Judith is caught between worlds; she does not know how to translate the grief she shares with Shaila and the Indian community into cultural specifics that will be acceptable to both Indian and Western modes of thought. Shaila is initially caught, too, between different impulses coming from different cultural models which she has internalized within herself. The question of how to effect moral agency while practising the acceptance of difference is in both instances a tricky one. Satya Mohanty addresses the question of the immobilizing effects of difference by proposing a revisionary universal-ist perspective. “Given the relativist view of pure difference, difference can never represent genuine cross-cultural disagreement about the way the world is or about the right course of action in a particular situation” because cultures are seen as “equal but irredeemably separate.” Edward Said had already taken an overtly polemical stance against such separateness, at the end of Culture and Imperialism:

No one today is purely one thing. . . . No one can deny the persisting continuities of long traditions, sustained habitations, national languages, and cultural geographies, but there seems no reason except fear and prejudice to keep insisting on their separation and distinctiveness, as if that was all human life was about. Survival in fact is about the connections between things.

But the practical question remains intransigent: how are such connections to be made?

Mohanty argues that “[g]enuine respect depends on a judgment based on understanding, arrived at through difficult epistemic and ethical negotiations”; otherwise, “the ascription of value (and of equality among cultures) is either meaningless or patronizing.” Mohanty proposes what he calls a “post-positivist ‘realism”’ of socially negotiated knowledge, undergirded by a moral univer-salism: “Perhaps the most powerful modern philosophical ally of modern anticolonial struggles of all kinds is this universalist view that individual human worth is absolute; it cannot be traded away, and it does not exist in degrees.” Such a universalist claim concerns a basic capacity for agency shared by all humans; it invites cultural articularization but does not depend upon it for support of the underlying claim, and thus provides “the strongest basis for the multiculturalist belief that other cultures need to be approached with the presumption of equal worth.” Perhaps this is not to say more than Gayatri Spivak, quoting Derrida—“there are no rules but the old rules.” But then, perhaps this is to say something quite momentous. Universalism has had a bad press, associated as it has been with a manipulative essentialism and the blindnesses of liberal humanism to inherent racism, sexism, paternalism, phallocentrism, Eurocentrism, and all those other distressing -isms from which we in the late-twentieth-century West are anxious to dissociate ourselves. But perhaps a universalist ethic always already underlies much of our ism-rejection: on what other basis do we respect difference? On what other basis do we assume worth?

In Mukherjee’s story, the assumption of moral universalism is a necessary precursor to the problems of negotiating social knowledge. Judith wants to help exactly because she is presuming the equal human worth of the Indian bereaved. But Mukherjee addresses questions of cultural particularization head-on by showing how inadequately translatable are institutionalized expressions of concern: as Judith says to Shaila when she is trying to persuade her to help, “We have interpreters, but we don’t always have the human touch, or maybe the right human touch.” This distinction between “the human touch” and “the right human touch” is crucial: one is universal, the other particular. The grief is transcul-tural; the management of grief is not. Thus it is that grief shared rather than managed may have more chance of adequate translation.
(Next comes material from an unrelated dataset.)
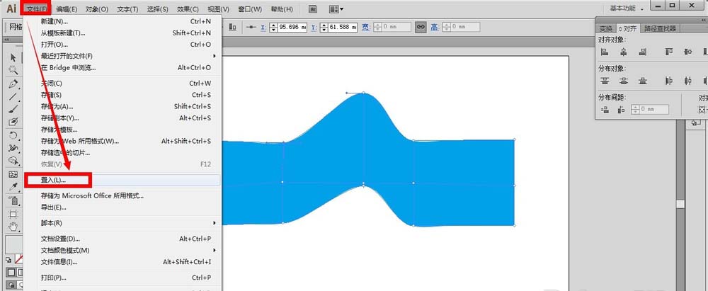 1、接着前面制作完的网格封套继续,我们点击文件——置入,把我们的图片素材导入到画布

Here is how the issue could be formulated: a shared world: the trauma of violent death; a universal: the experience of grief; a cultural, even intracultural particularization: grief “in our own way.” For the bereaved relatives in Mukherjee’s story, this grief is figured as “a long trip that we must all take.” The story enacts a kind of diaspora through death, a doubling of cultural displacement for those immigrants whose chosen initial passage was to Canada, and who must now embark on a voyage out grimly parodic of those earlier “civilizing missions” of the colonizers, journeying first to Ireland, to identify the wreckage from the ocean, then to Bombay, to mourn and reassess in the mother-country, and thence back to step-mother Canada, to find another new identity.
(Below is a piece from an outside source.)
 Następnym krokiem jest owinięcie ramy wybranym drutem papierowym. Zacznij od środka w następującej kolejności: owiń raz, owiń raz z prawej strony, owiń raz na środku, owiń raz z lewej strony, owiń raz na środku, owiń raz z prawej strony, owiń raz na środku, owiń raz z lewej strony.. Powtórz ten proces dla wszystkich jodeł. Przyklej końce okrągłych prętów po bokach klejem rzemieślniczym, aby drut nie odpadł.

Both in Mukherjee’s story and in the non-fiction account of the tragedy, the people most able to connect viscerally with the grief of the bereaved are the Irish, off whose shores the plane went down. They have the quintessentially “human touch.” They weep with the bereaved; strangers hug strangers in the street; once one mourner has picked flowers from a local garden to strew on the ocean, a newspaper article asks residents to please give flowers to any Indian person they meet. All this really happened. Such transcultural expressions of erapathetic connectedness, however impractical, construct an equal and opposite subjectivity; even the difference between the Eastern mode of management, the “duty to hope”, and the Western, the spelling out of grim knowledge and the request to “try to adjust your memories”, is rendered tolerable by grief so obviously felt and shared and by a compassionate regard for the privacy of pain. In fact Blaise and Mukherjee suggest in The Sorrow and The Terror that there may also have been a kind of cultural knowledge at work here, in that the Irish, as a chronically subalternized people who have firsthand experience of terrorism, may have been particularly sensitive to a tragedy like the Air India disaster.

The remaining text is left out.